Occult blood was more common in the group with B. hominis infection compared to the control group. This may be due to colitis from the B. hominis infection. Leder et al. studied over 2800 healthy people over 15 months [10]. They did not find significant correlation between clinical symptoms and the presence of B. hominis. In the study by Zuckerman et al., colonsocopy did not show any significant abnormality [11]. In the study by Wakid on 1238 workers in the western region of Saudi Arabia, no significant correlation was found between blastocystis infection and occult blood [12]. Our samples were collected from hospitals. These differences may be due to selection bias.

In our study the frequency of iron level < 80 was significantly higher in subjects with B. hominis infection.
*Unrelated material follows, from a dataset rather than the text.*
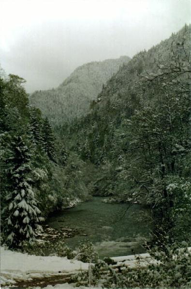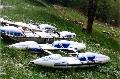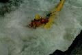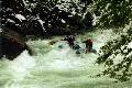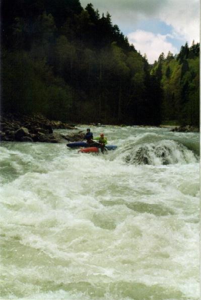 Повреждения: Две согнутые поперечины у ката Кирилла и Сереги, сломанная кница левого баллона третьей поперечины и погнутая в этом месте продолина у "Хавроньи". При разборе полетов были сделаны выводы, что в стабильном состоянии (нахождение Гули с катом в улове у левого берега под "Прощай Родина") не следует хватать первую попавшуюся морковку (которая может оказаться и без карабина) а ждать стопроцентного шанса. С параллельной группой возникли некоторые трения по поводу, что мы всей группой сняли страховку у "Прощай Родина" и ушли в догонку за перевернувшимся катом, создав тем самым трудности в прохождении порога их группе, четверка которой также ушла за Гулей. В наше оправдание можно привести доводы о том, что положение параллельной группы было конечно тяжелым, но не критическим, в отличии от нас, учитывая, что Гулю унесло в каньон и никакой информации о ней мы не располагали. Причем, учитывая далеко не нулевую вероятность оверкиля, в "Сосновом" нам могли понадобится все наши суда. 5 мая. Подъем в 7:00. Вышли в 10:19. До начала каньона "Малый Блып", заканчивающимся порогом "Щель" около 10-12 минут ЧХВ. Ориентир начала каньона - река делает правый, а затем крутой левый поворот, перед правым поворотом - входом в каньон у левого берега обломок скалы пиромидальной формы и завал плавника. Дорога подходит к реке и хорошо видна с воды. Через 150 м. крутой правый поворот с прижимом к скальному выступу и косой бочкой у левого берега. Проходили по внутренней стороне поворота, заходя у правого берега. Далее следует технический участок с маневрами между камней. На выходе из Каньона русло сужается и реку перегораживает бочка. Слева проносной язык, справа пенный котел. Кирилл с Серегой опять залегли. Кирилл зацепился за кат и его вынесло из бочки, Сергей остался полоскаться. Единственное, что мы успели это уйти чуть влево и упали в бочку гадая, не раздавили ли Сергея. Когда мы прошли бочку и я оглянулся назад у меня внутри все похолодело - Сергея в бочке не было. Правда спустя секунду я увидел его плывущего чуть правее нас. После выхода из "Щели" участок спокойной воды. Волков благополучно добрался вплавь (кролем) до берега, выпустив при этом весло, которое было поймано нашим катом. После поимки Серегиного весла мы и подоспевший Макс занялись спасением катамарана с Кириллом.Однако затолкать кат и плавающего рядом человека в улово не удалось. Кирилл был взят на борт (скорее на раму) двойки, а перевернутый кат был передан подоспевшей четверке. Кирилл был высажен на берег, а двойка и каяк ушли вдогонку за четверкой и перевернутым катом. Но, как оказалось, они и сами люди взрослые и, когда мы подошли, двойка уже была загнанна в улово (11:50). У девичьей двойки при прохождении каньона порвался упор и им пришлось зачалиться в середине каньона. Их ждали около часа (починить упор им помогали Макс с Лехой). в 12:50 отплыли дальше. До автомобильного моста (ориентир начала "Соленых скал" 10 минут ЧХВ. По дороге есть места для стоянок. Чалка за

In the study by El Deeb et al. on pregnant woman with iron deficiency anaemia compared to those without iron deficiency, the frequency of B. hominis was significantly higher in the first group [13]. In another study by Yavasoglu et al., the rate of B. hominis infection was significantly higher among cases with iron deficiency anaemia [14]. In the study by Cheng et al. haemoglobin, neutrophil count and haematocrit were decreased in subjects with B. hominis infection [15]. In the recent study by El Deeb and Khodeer, the frequency of parasites was significantly higher in cases with iron deficiency (anaemia) compared to non-anaemic patients [16].
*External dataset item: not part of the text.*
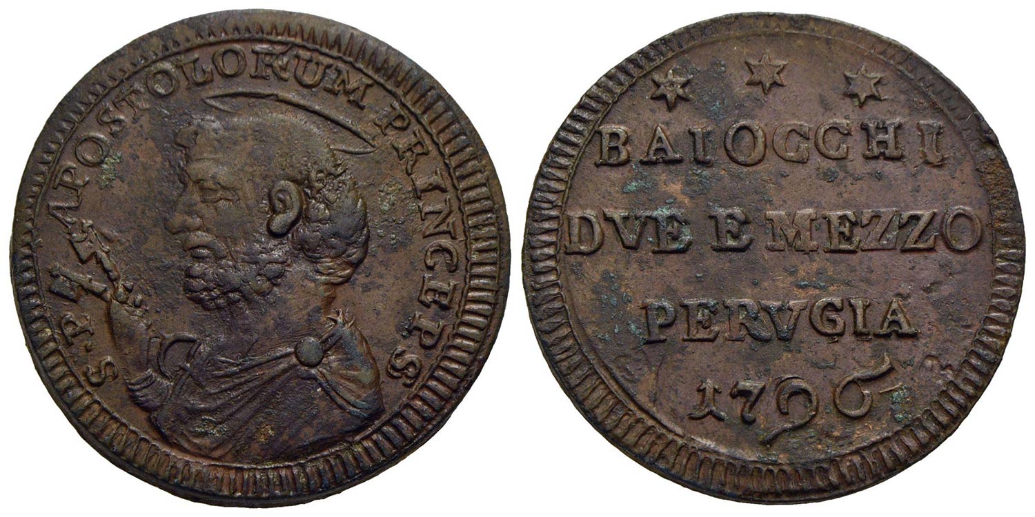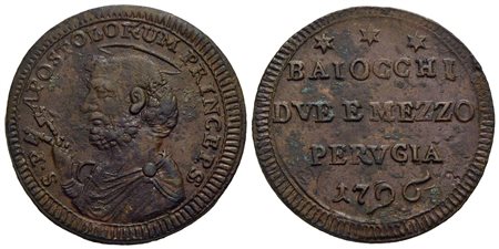PERUGIA - Pio VI (1775-1799) - Sampietrino - 1796 - (CU g. 16,61) CNI 10; Munt. 393<br>BB+<br><br>Co

Although the exact mechanism of iron deficiency in subjects with B. hominis was not understood, some studies showed invasion of B. hominis in the gastrointestinal tract and subsequent blood loss [8]. In the literature, B. hominis was reported as the possible cause of acute abdomen in children [17]. There is evidence regarding the presence of inflammation when B. hominis is present [18]. Yavasoglu et al. did not find evidence that supported the invasion of mucosa [14].
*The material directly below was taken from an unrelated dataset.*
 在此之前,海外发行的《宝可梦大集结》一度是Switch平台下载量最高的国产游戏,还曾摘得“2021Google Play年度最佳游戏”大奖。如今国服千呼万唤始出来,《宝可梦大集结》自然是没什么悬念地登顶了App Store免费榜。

Another mechanism that may lead to the development of anaemia in blastocystis is that infected subjects may return to the molecular structure of B. hominis. Stenzel et al. showed that in the endocytic pathway of B. hominis cationic ferritin is essential [19].

Although there have been several published studies regarding B. hominis infection, there are few publications on its association with haematological indices.

Limitations – the method of this study was retrospective, and this is the main limitation.

Conclusions

Blastocystis hominis is a possible factor in haematological abnormalities. Another cohort study on a healthy population is recommended for determination of the cause and effect relationship.